レリアンを見ると、彼は目を大きくして瞬かせていた。
「誕生日……プレゼントですか?」
信じられない、という様子である。しかしこれは紛れもない事実だった。
「そーだ。俺は誕生日プレゼント。ラルク様が姫様に何か欲しいものはないか聞いたんだと。そしたら、馬車の外を見て一言。『アレがほしい』それが俺だったってだけの、くだらねぇ話だよ」
ジョックスは当時のことを思い出す。
ある町で、目の前を通り過ぎる馬車を見ていた。
親はおらず、育ててくれる大人も頼れる大人もいない孤児だった。食うのに困り、寝るのに困り、着るものもなく、ぼろぼろのぼろを着て、道の隅で寝て、食い物を盗んで一日一日を過ごしていた。
いつ死ぬかも分からない。
生きている心地などまるでない。
ただ必死に、一日が過ぎるのを待つ日々。
その日はうまく食い物にもありつけず、いつも以上に苛々して、目の前を通り過ぎる人々や馬車を睨みつけていた。するとある一台の馬車が目の前で停まり、こちらにおいでと、上等な服を着た初老の男が手を差し伸べて来たのであった。それがラルク・メレズディだった。
「俺は犬でも拾うみてぇに拾われて、犬でも与えるみてぇに姫様に与えられたのさ」
レリアンはジョックスの横顔を注意深く観察した。言葉は自嘲気味だが、ジョックスの言い方や表情には己を卑下しているような様子は見られない。
「貴方はそのことに対してどう思っているんですか?」
あんた、すごく聞いてくるけど何なんだ。

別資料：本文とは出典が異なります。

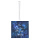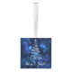 Este elegante adorno cúbico tiene sus propias fotografías en la parte delantera y trasera. Entre las fotos de los lados restantes se encuentra un fondo estelar de estilo bokah azul oscuro bonito y plata. A la derecha hay una imagen de un árbol giratorio plateado. Los lados izquierdo y derecho tienen campos de texto en plata para que usted los personalizar... ¡que diga lo que quiera! La parte superior e inferior también muestran el fondo azul del patrón, pero sin el texto. ¡Un maravilloso recuerdo anual para tu familia!
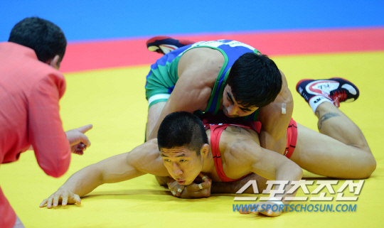 인천 아시안게임 레슬링 남자 자유형 70KG급 결승전이 27일 인천 도원체육관에서 열렸다. 한국 오만호가 우즈베키스탄 압두라크모노프와 대결을 펼치고 있다. 오만호는 2-7로 패하며 은메달을 획득했다.

そうジョックスが眉を寄せると、レリアンは貴方に興味があるからですよ、と返した。
「まぁ別に隠すことでもねぇから話すが。暇つぶしになるしな」
ジョックスは話を続けた。
「拾われた時はそりゃいろいろ思ったし、足りねぇ頭でずいぶん考えたが、理由を知ったら拍子抜けしたよ。あまりにもおかしくて。だって有り得ねぇだろ。誕生日プレゼントに俺みたいな孤児を欲しがって、しかもそれを与えるなんて。貴族って変な奴だと思ったよ。そんでどーでもよくなっちまった。それまでの悩みとか、不安……とか、消えて、ただ、ここで生きていこうって思ったんだ」
言ってからジョックスは「俺は何を言っているんだ」と一人で突っ込み、恥ずかしそうに口元を大きな手で覆った。